Details

Autor(en) / Beteiligte

• Lee, Choong-kun
• Lee, Jii Bum
• Park, Se Jung
• Che, Jingmin
• Kwon, Woo Sun
• Kim, Hyo Song
• Jung, Minkyu
• Lee, Seulkee
• Park, Sook Ryun
• Koo, Dong-Hoe
• Lee, Hyun Woo
• Bae, Woo Kyun
• Jeung, Hei-Cheul
• Hwang, In Gyu
• Kim, Hyunki
• Nam, Chung Mo
• Chung, Hyun Cheol
• Rha, Sun Young

Titel

Second-line chemoimmunotherapy with nivolumab and paclitaxel in immune-related biomarker-enriched advanced gastric cancer: a multicenter phase Ib/II study

Ist Teil von

• Gastric cancer : official journal of the International Gastric Cancer Association and the Japanese Gastric Cancer Association, 2024, Vol.27 (1), p.118-130

Ort / Verlag

Singapore: Springer Nature Singapore

Erscheinungsjahr

2024

Quelle

SpringerLink Journals

Beschreibungen/Notizen

• Background We conducted a trial to evaluate the efficacy and safety of nivolumab and paclitaxel as second-line therapy for immune-related biomarker-enriched advanced gastric cancer (AGC). Methods This open-label, single-arm, phase Ib/II study was a part of multi-institutional, biomarker-integrated umbrella study conducted in Korea. In phase Ib, patients received nivolumab (3 mg/kg) on Days 1 and 15 and paclitaxel (dose level 1, 70 mg/m 2 or dose level 2, 80 mg/m 2 ) on Days 1, 8, 15 every four weeks. In phase II, patients with Epstein–Barr virus-related, deficient mismatch repair or programmed cell death-ligand-1-positive AGC were enrolled.
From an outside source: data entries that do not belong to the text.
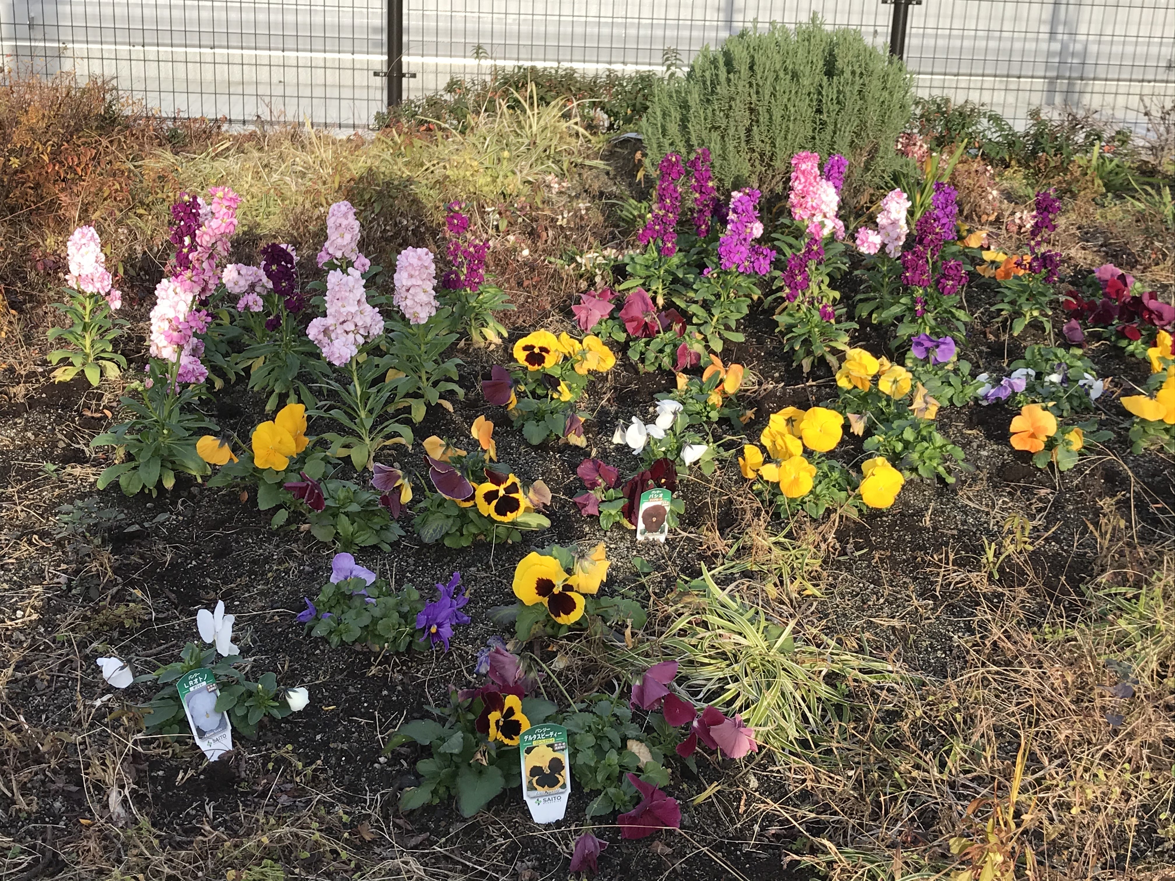 ↑屋上庭園 入院中の子どもが遊べるプレイルーム(後ろに写っているお部屋)からも見られます。
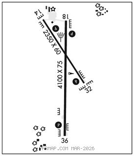 AIRPORTREMARKS:Attended Mon–Fri 1400–2200Z‡. Line of sight problems exist between Rwy 36 and Rwy 14–32. Rwy 36 is calm wind rwy.
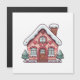 Uma encantadora casa de pão de mel rosa com decorações em forma de coração, telhado coberto de neve e uma chaminé.
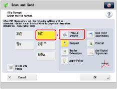If you set [Trace & Smooth], the machine automatically detects which parts of the document are text or line drawings. However, the machine may be unable to recognize which parts of the scanned document are text and line drawings, depending on the scanned document.
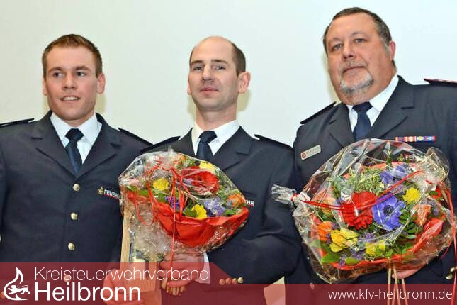 Spektrum „Seit Jahren sind die Einsatzzahlen hoch. Es sieht nicht danach aus, dass sie sinken werden, im Gegenteil“, mutmaßte Felix Mann An den Einsätzen ist abzulesen, mit welchem Spektrum an Gefahren die Feuerwehr konfrontiert wird. Sie ist darauf gut vorbereitet, wie ein Beispiel von Thomas Wachno zeigte. „Bei der Bergung und Rettung der bei Waldarbeiten unter einem Traktor eingeklemmten Person wurde perfekt gearbeitet, das war einfach professionell“, bescheinigte der Stellvertreter. Die Führungsriege hat die Ämter zuletzt kommissarisch ausgeübt, jetzt sind Thomas Wachno der erste Stellvertreter und Axel Klumbach der zweite ordentliche Vize des Kommandanten der Gesamtfeuerwehr, Felix Mann. In der Jahreshauptversammlung in der Grombacher Schlossberghalle wählten die anwesenden 160 Feuerwehrmitglieder in geheimer Wahl die beiden Führungsleute, die damit das Bad Rappenauer Kommandotrio komplett machen. In Doppelfunktion als Innenminister und als Vorsitzender des Kreisfeuerwehrverbandes Heilbronn nahm Reinhold Gall (SPD) zu Beginn an der Hauptversammlung teil. Er hatte zwei Ehrennadeln des Verbands im Gepäck, die er dem Fürfelder Abteilungskommandant Harald Reinhardt und seinem Grombacher Kollegen Lothar Fleck an die Uniform heftete. Beide engagieren sich seit über 15 Jahren als Abteilungskommandanten und sind schon seit 45 und 38 Jahren bei der Feuerwehr. Bekannt gegeben wurde noch, dass Tobias Mayer und Ralf Kuttruff als Stellvertreter von Harald Reinhardt bestimmt wurden.

The primary endpoints were recommended phase II dose (RP2D, phase Ib) and progression-free survival (PFS, phase II). Secondary endpoints included objective response rate (ORR), overall survival (OS), safety, and exploratory biomarker analysis. Results Dose level 2 was selected as RP2D. In phase II, 48 patients were enrolled. The median PFS and OS were 3.9 and 11.2 months, respectively. The ORR was 23.3%, and the median response duration was 16.7 months. Grade 3 or higher treatment-related adverse events, mainly neutropenia, occurred in 20 patients (41.7%). Targeted sequencing revealed that patients with RTK/RAS pathway alterations or the HLA-A02 supertype had better survival. Patients with elevated baseline interleukin-1 receptor antagonist levels had worse survival. Conclusions Although the study did not meet its primary end point, nivolumab and paclitaxel for AGC demonstrated a durable response with manageable toxicity profiles. Genomic analysis or plasma cytokine analysis may provide information for the selection of patients who would benefit more from immunotherapy combined with chemotherapy.